Arbesman calls these sorts of facts — those that change over years or decades, rather than days or millennia — mesofacts. And he argues that how they change is actually fairly predictable. For this he uses the analogy of radioactivity: A single atom of uranium is highly unpredictable: you can’t know whether it might decay in the next minute, or last for another million years. But a chunk of uranium, made up of trillions of such atoms, becomes much more manageable, with a predictable half-life. Similarly, we may not know when any specific fact might be supplanted, but how a body of knowledge, in the aggregate, changes over time, can be measured and understood scientifically.[1]

At first it seemed like the book was going to expand much more on why this is important. In the first chapter he notes that it’s certainly practically useful, for example, to know that many areas of medical knowledge ‘decay’ in under 50 years, making it worthwhile to check semi-regularly whether the facts you’ve based (say) your exercise and diet regimes around are still true[2]. But he also notes that the subtler version is also even more important: simply being aware of how knowledge itself works, at a meta-level, is important for making sense of the world, and anticipating — and planning for — flaws in our knowledge. I had hoped for more expansion on this idea, but instead the book then takes off on a rather disjointed tour of lots of semi-related knowledge-based themes. Mostly this is anecdote driven, but while the author appears to really want to be Malcolm Gladwell, he can’t quite pull it off.

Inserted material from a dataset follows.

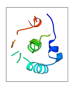 These views are prepared from three orthologuous viewpoints with MolScript. Secondary structures are determined from the C-alpha atom positions of your protein (N-terminal blue, C-terminal red).

I did find a couple of these areas to be quite fascinating, though:

One is to do with how many previous trials researchers tend to cite, as a proxy for how deeply they study what has come before before simply jumping into their Shiny New Research. Unsurprisingly the answer is “Not very many” — on average only about 25% of papers that should be cited are (and with a heavy bias towards the most recent ones). One particularly striking example of why this can be important is on the research into treating heart attacks with the drug streptokinase. There were over 30 published trials before this was shown to be effective. However a follow-up cumulative meta-analysis found that if each of these trials had not only looked at their own results, but combined them with those of each of the previous trials, a statistically significantly result could have been found 15 years earlier.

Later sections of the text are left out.